Line by line, retype the material exactly and leave each picture out.

■ STORED DATA:
----

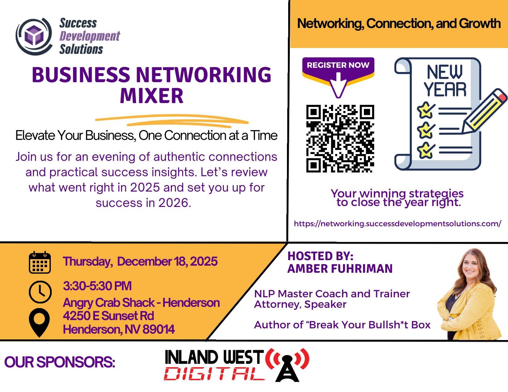 Join Success Development Solutions and Amber Fuhriman at this Business Networking Mixer. It's a great opportunity to meet new business owners, share what you do and learn about local businesses in the area.
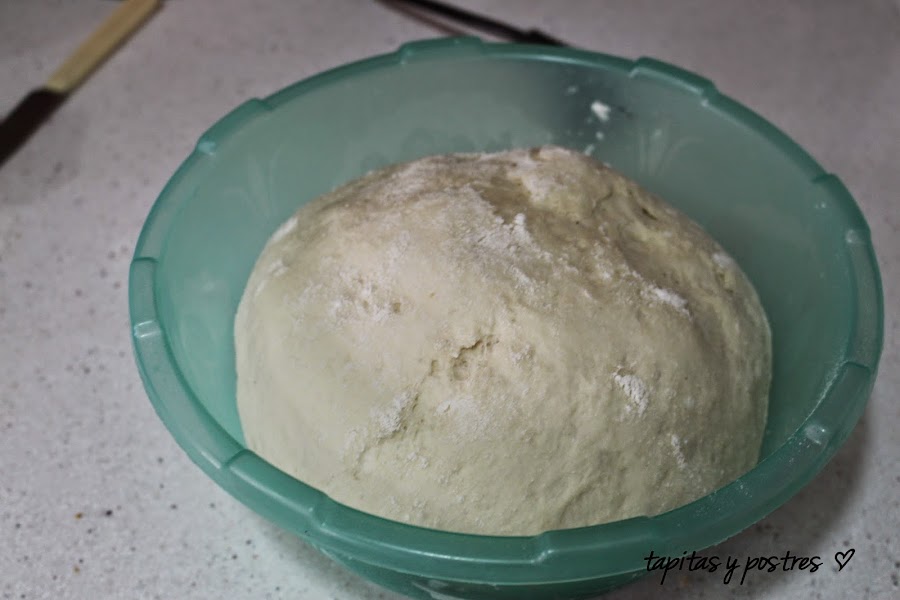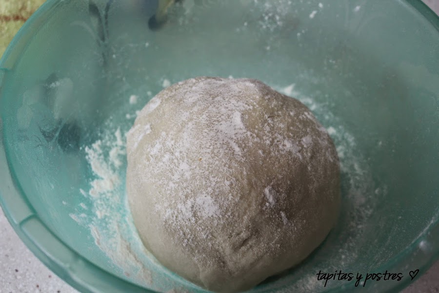 Hacemos una bola y la dejamos reposar en un bol con algo de harina.
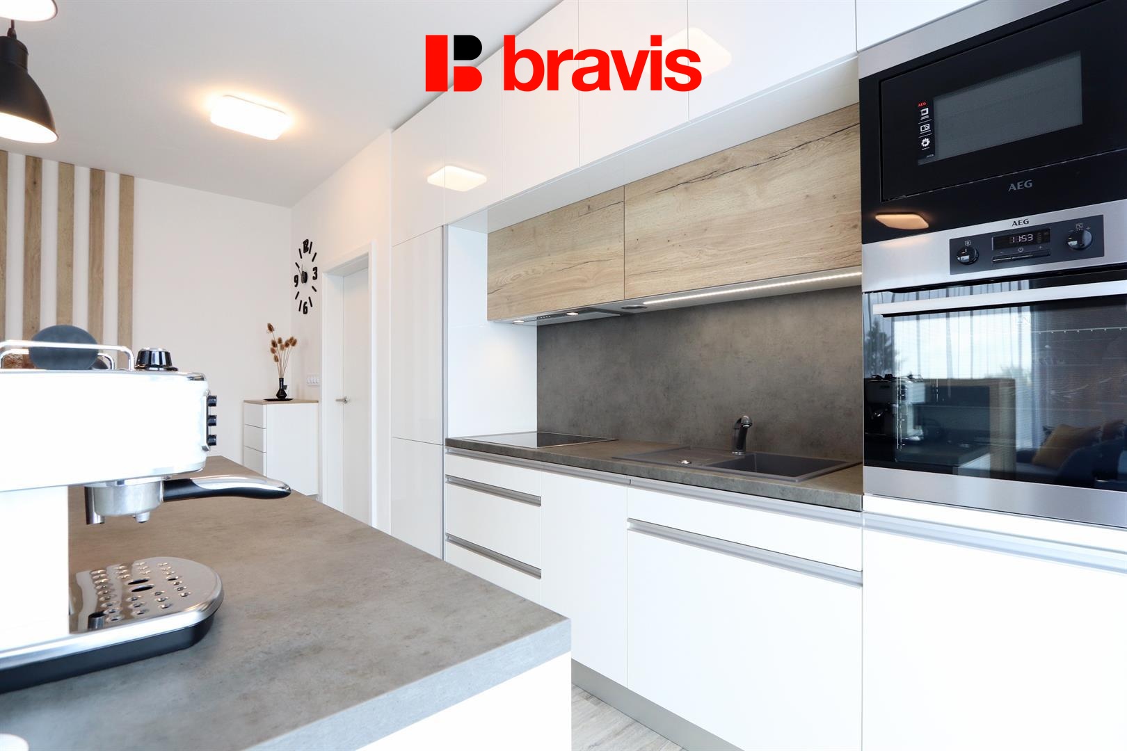• vestavné spotřebiče značky AEG (indukční varná deska, horkovzdušná trouba, mikrovlnná trouba, myčka, chladnička s mrazícím boxem)

----

■ EXPECTED ANSWER:
 Join Success Development Solutions and Amber Fuhriman at this Business Networking Mixer. It's a great opportunity to meet new business owners, share what you do and learn about local businesses in the area.
 Hacemos una bola y la dejamos reposar en un bol con algo de harina.
• vestavné spotřebiče značky AEG (indukční varná deska, horkovzdušná trouba, mikrovlnná trouba, myčka, chladnička s mrazícím boxem)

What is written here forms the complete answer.